Only if they will lose hope of liquidating the Zionist endeavor will peace be possible, he added. In other words, we shall have to be to be strong enough so that their basic state of mind will change.

Jabotinsky

According to Netanyahu, he based his own policy on this concept expressed by Jabotinsky in 1923, and bequeathed to Netanyahu by his father. Netanyahu speaks of military power, economic power – “hard power” – to ensure Israel’s fortitude, and this in addition to “soft power,” which involves cultural values, morality and democracy, but which is useless – according to him – in the defeat of the forces of evil, without the hard power.

With all due respect, Jabotinsky was speaking in theoretical terms, while Ben-Gurion – who is ignored by Bibi – was a leader who implemented this concept as leader of the Zionist movement, the Yishuv, and then as first prime minister of the State of Israel. But Netanyahu would like us to believe that before he was first elected as prime minister in 1996, Israel was a weak, primitive state, lacking a modern military force (including a nuclear capability), without any sophisticated industries – a third world state.

His son Yair stated in an interview with Rabbi Shmuley Boteach almost three years ago that “[my father] took a country back in the 1990s that, besides the existential threat that it was in, was in horrible economic [shape], it was pretty much a Soviet-style economy, socialist-primitive economy. No exports, for example, besides oranges or something like this. It was very isolated in the world.

“Obviously, the main reason Israel was isolated in the world was because it was weak. Nobody wants to be friends with the weak.... So, he has changed the economy of Israel to a capitalist, free-market, prosperous economy....” Bibi didn’t bother to correct him.

So perhaps Netanyahu is aiming at his own camp, where allegedly there are “hundreds of thousands” of Likud supporters who are not planning to go out to vote on November 1, for no particular reason.
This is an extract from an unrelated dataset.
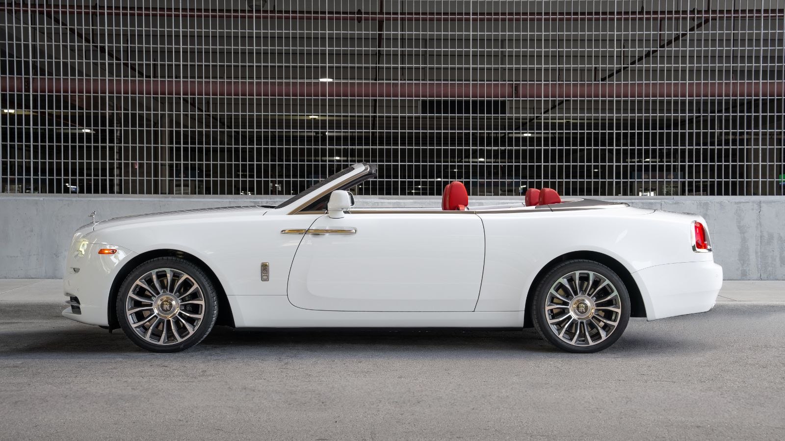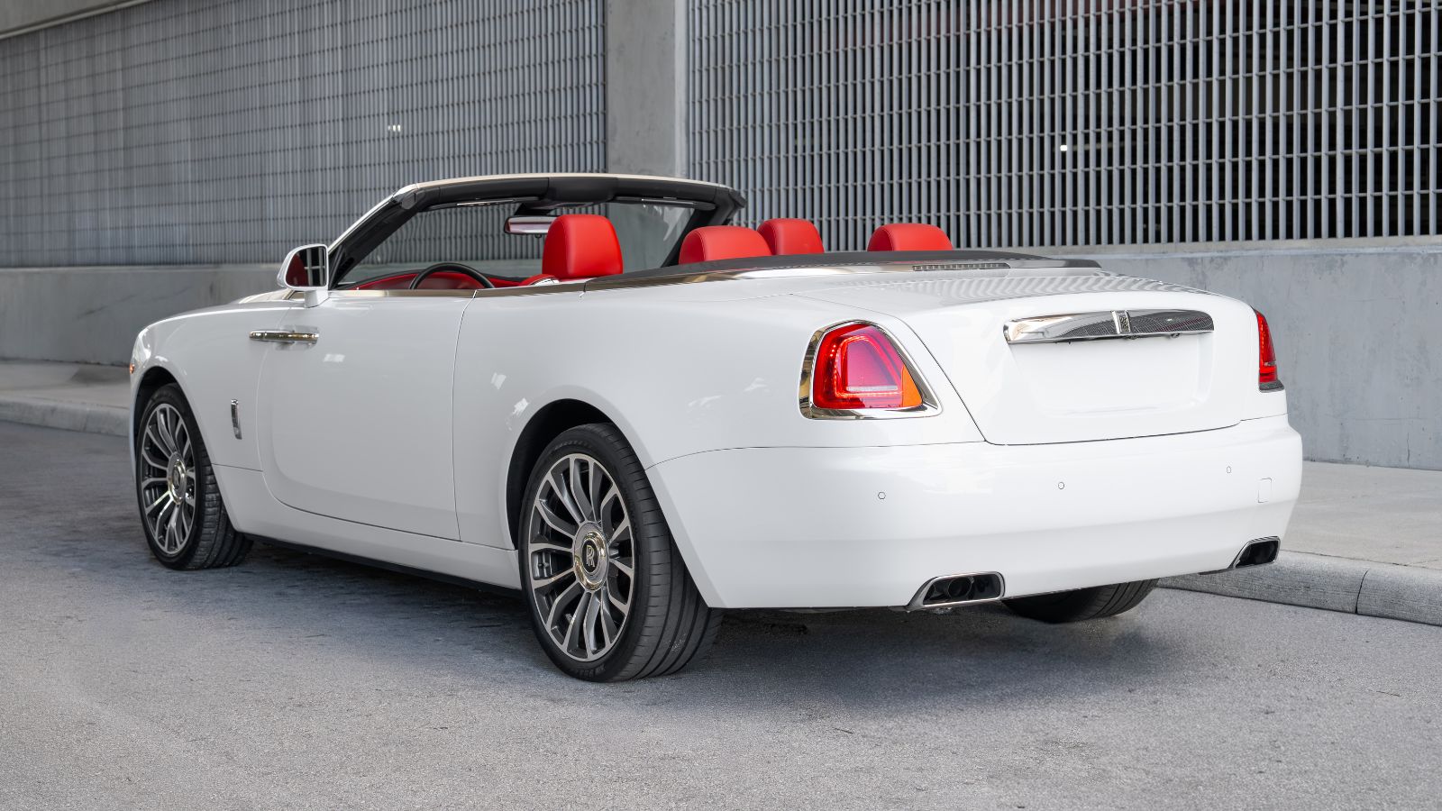 Every Rolls-Royce represents a level of craftsmanship reserved for a select few, but the Rolls-Royce Dawn rental introduces something even more exclusive — open-air luxury without compromise. The white Rolls-Royce Dawn convertible with a striking red interior and white piano wood accents delivers a bold yet elegant presence, with daily rates starting at $1,295 per day.
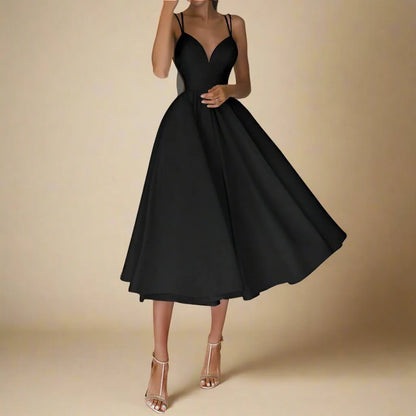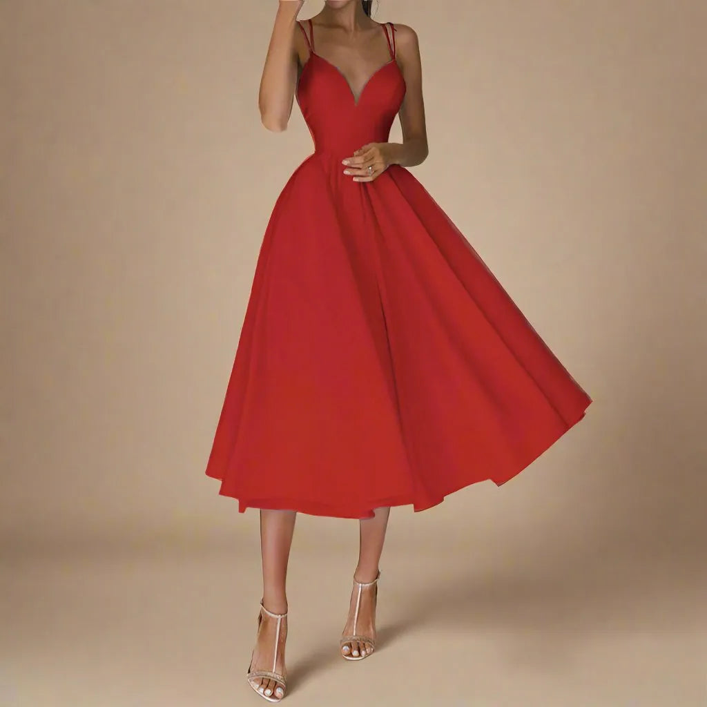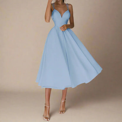 Robe Femme Kourtney – Élégance Estivale avec Décolleté en V et Bretelles Fines

Here the question is whether these hundreds of thousands – or more likely, tens of thousands – will bother to spend close to NIS 100 on a book, and read 589 pages devised to convince them to devote 30 minutes to going out to the polling stations next week.

Perhaps Netanyahu should have devoted several pages in his book to offering a realistic policy for reducing prices (how about trying to convince his good friend Vladimir Putin to stop his attempt to conquer the Ukraine?), or for investing efforts and funds in strengthening Israel’s “soft power,” in which, according to the annual US News & World Report Best Countries survey, which Netanyahu continuously quotes, Israel’s position in the world is pretty gloomy.

True, until several years ago, Israel held eighth position in the world in hard power terms for several years running, and for which Netanyahu takes full credit, but it is in as low as 70th and 80th place in some other components of the survey.

In short, it is doubtful whether Netanyahu’s autobiography will have any sort of effect on any of the voters. In fact, in recent weeks opinion polls have shown the Likud losing votes to the Religious Zionist Party.

A cartoon that appeared in one of the dailies last Friday showed an agitated Bibi standing in front of the results of a poll, and Itamar Ben-Gvir – leader of Otzma Yehudit – with an insolent expression on his face, saying to him “go on writing books.”

The voters who are shifting their support from Bibi to Ben-Gvir are not interested in the former’s self-praise and glorification, but, rather, in the latter’s provocative style and extreme positions.

The rest of us – who wouldn’t dream of ever voting for Bibi – would have preferred a more sincere and historically accurate memoir from someone who certainly has a story to tell.

The writer worked in the Knesset for many years as a researcher and has published extensively both journalistic and academic articles on current affairs and Israeli politics. Her most recent book is Israel’s Knesset Members – A Comparative Study of an Undefined Job, published by Routledge.